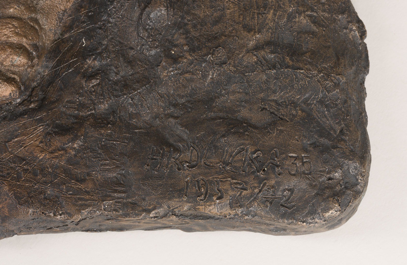 Bronze, goldbraun u. partiell schwarz patiniert, in Originalkiste. H. 28 cm, Gew. 12,6 kg. Vorne rechts sign., dat. sowie num. '35', unterseitig mit Gießereistempel 'venturi arte'. Part. verschmutzt, Kiste stark verschmutzt.
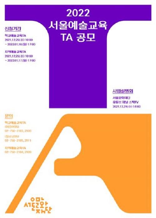 [Çѱ¹BBC¹æ¼Û´º½º=Á¤ÁöÀ± ±âÀÚ] ¼­¿ï¹®È­Àç´Ü(´ëÇ¥ÀÌ»ç ÀÌâ±â)Àº ¼­¿ï½Ã³» Çб³¿Í Áö¿ª °ÅÁ¡ Ű¿ò¼¾ÅÍ µî¿¡¼­ ¿¹¼ú ¼ö¾÷À» ÁøÇàÇÒ ±³À°¿¹¼ú°¡(Teaching Artist, TA)¿Í ±³À°´Üü¸¦ ¼±¹ßÇÏ´Â 2022³â ¼­¿ï¿¹¼ú±³À°»ç¾÷ °ø¸ð¸¦ 27ÀÏ(¿ù)ºÎÅÍ ³»³â 2¿ù 16ÀÏ(¼ö)±îÁö ÁøÇàÇÑ´Ù¡¦
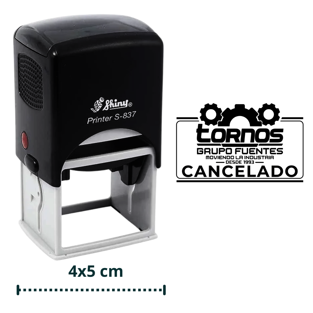 Sello estándar con área de impresión semi-rectangular 3.3×5.8cm, ideal para diseño de endoso 6 línea de texto.
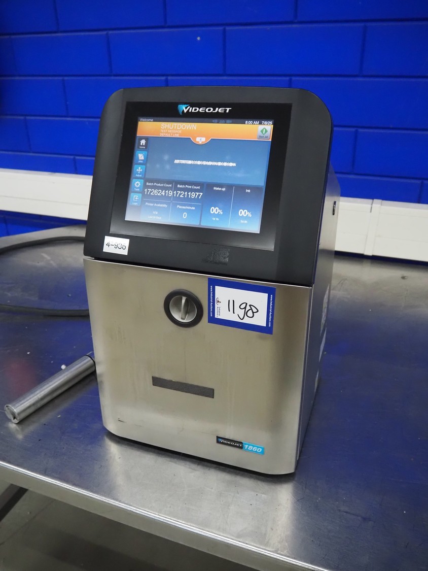 Videojet inkjet printer, model: 1860, serial number: 19163024C49ZH, 100-120/200-240 V, 1 Ph, 50/60 Hz, 2 A, 70 W, toner: V7206L, make-up: V901Q- 1l, ink: V4211-L, dimensions: 370 mm x 400 mm x 610 mm.

What the task asks: Retype only the lines from the line with "Sello estándar con" through the last line of the data. Keep both ends and skip the pictures.

Completed task:
 Sello estándar con área de impresión semi-rectangular 3.3×5.8cm, ideal para diseño de endoso 6 línea de texto.
 Videojet inkjet printer, model: 1860, serial number: 19163024C49ZH, 100-120/200-240 V, 1 Ph, 50/60 Hz, 2 A, 70 W, toner: V7206L, make-up: V901Q- 1l, ink: V4211-L, dimensions: 370 mm x 400 mm x 610 mm.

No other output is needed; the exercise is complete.